_WHAT IS EXPECTED_
Leave out the pictures and repeat the data exactly.

_DATASET EXTRACT_
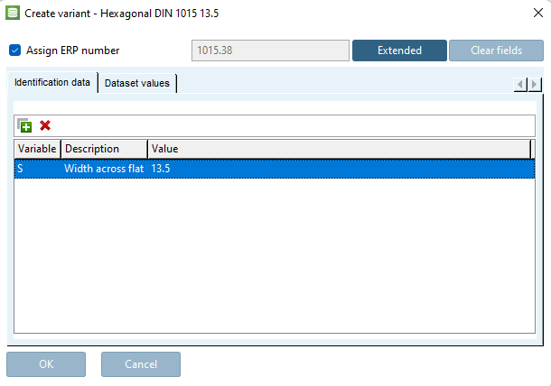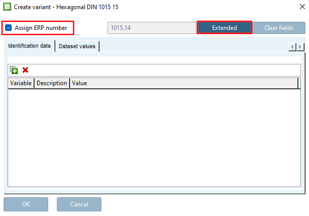 • To change the value of an ERP variable, select the Data set values [Dataset values] tab page.
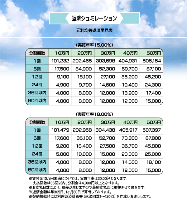 ※貸付金10万円未満については、実質年率は20.00%となります。支払い回数は36回以内、分割金は4,000円以上となります。
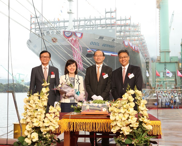 今天东方海外为其在韩国巨济岛的三星重工船厂建造,装载量达21,413个标准箱,船身注册编号H2173的集装箱货轮举行命名典礼。 这命名为「东方德国」号的超大型集装箱货轮为东方海外所购建的六艘21,000个标准箱级别的货轮的第二艘,这批新货轮的加入,对促进我们船队竞争力及效率非常重要。

_TASK SOLUTION_
 • To change the value of an ERP variable, select the Data set values [Dataset values] tab page.
 ※貸付金10万円未満については、実質年率は20.00%となります。支払い回数は36回以内、分割金は4,000円以上となります。
 今天东方海外为其在韩国巨济岛的三星重工船厂建造,装载量达21,413个标准箱,船身注册编号H2173的集装箱货轮举行命名典礼。 这命名为「东方德国」号的超大型集装箱货轮为东方海外所购建的六艘21,000个标准箱级别的货轮的第二艘,这批新货轮的加入,对促进我们船队竞争力及效率非常重要。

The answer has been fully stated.